John Fordham 

Christian Scott review – African-American roots, vividly contemporary

The New Orleans trumpeter's resourceful sextet includes Elena Pinderhughes – the most exciting jazz flautist to have emerged in years, says John Fordham
  
  

Christian Scott in New York, 2013
Cannily balanced set … Christian Scott. Photograph: Jack Vartoogian/Getty Images Photograph: Jack Vartoogian/Getty Images

Though Christian Scott digs deep into his African-American roots (nowadays he prefers the name Christian aTunde Adjuah), the 31-year-old New Orleans trumpeter proselytises lightly – peppering mini-orations on slavery and American race-relations with gags, street-banter and vibrantly contemporary musical illustration. Scott is visiting the UK with a resourceful sextet, including his vocalist wife, Isadora Mendez-Scott, and rising star 19-year-old Elena Pinderhughes, the most exciting and creatively assured jazz flautist to have emerged in years.

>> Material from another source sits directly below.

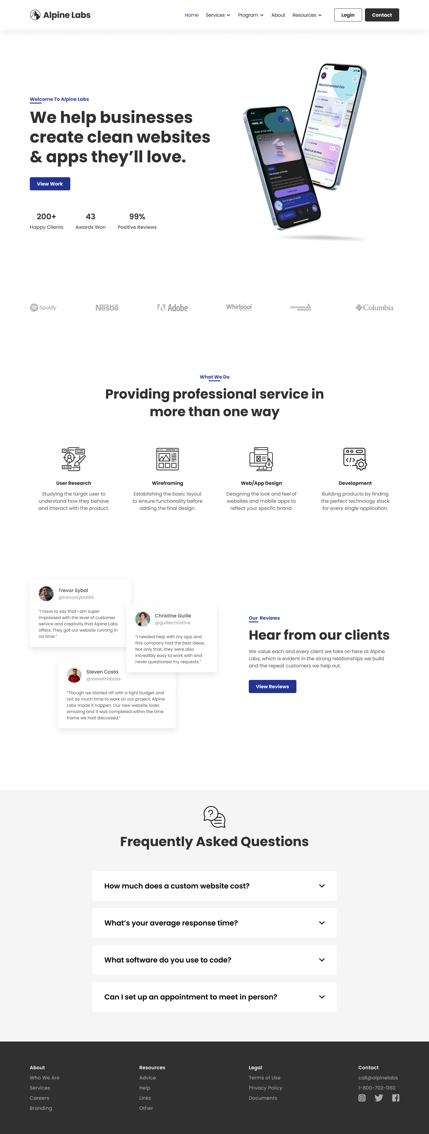 I wanted to create a clean, professional design using a limited color palette and simple graphics/icons. The landing page included the basics—a hero section, client section, about section, review section, and FAQ section.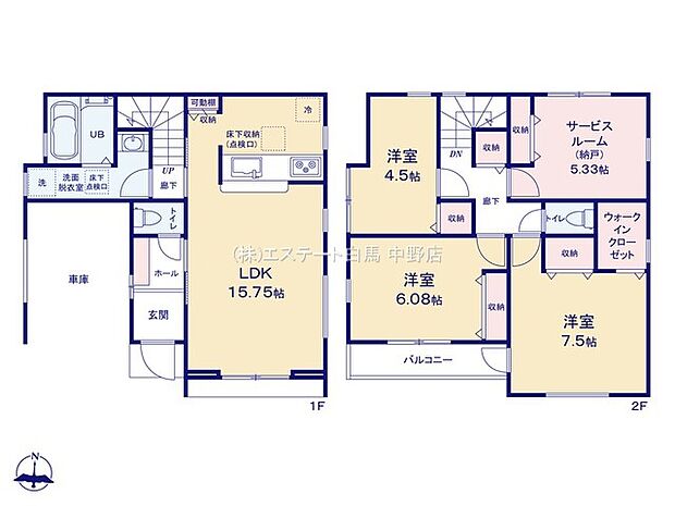 | 間取り | 4LDK 間取り内訳:リビングダイニングキッチン 15.7帖・洋室 7.5帖・洋室 6帖・洋室 5.3帖・洋室 4.5帖 |

Miles Davis, early New Orleans brass exhortations, Latin music, neo-soul and Radiohead all influence Scott, and his Jazz Cafe set cannily balanced all these and more. He opened with New Orleanian Love Song – inspired by stories of early collaborations between Native Americans and black slaves. An intro of staccato motifs and rumbling percussion developed into an Afro-Latin pulse with tight flute-brass dialogues, and a slow soul-anthem, mimicked by the crowd. The Latin-inflected twister Jihad Joe cruised for a while on the deft riffing of pianist Lawrence Fields, bassist Kris Funn and drummer Corey Fonville before the leader began swerving between flaring New Orleans-inspired outbursts and more cryptic, electric-Miles phrasing. The reflectiveness of Thom Yorke's The Eraser brought a mix of windy swoops and flawlessly timed runs from Pinderhughes. Mendez-Scott then returned for a patiently imploring R&B vocal embroidered by the soul-sax alto of Braxton Cook, and Ku-Klux Klan Police Department, with its tension between soft horn harmonies and urgent percussion, brought exhortatory fierceness and darkly insinuating low sounds from Scott.

He talked too much for a 90-minute set – a luggage-transit glitch had lost several instruments, and probably made a hole in this new group's planned repertoire. But it's an independent outfit under very independent direction, and hopefully it can reconvene often enough to grow.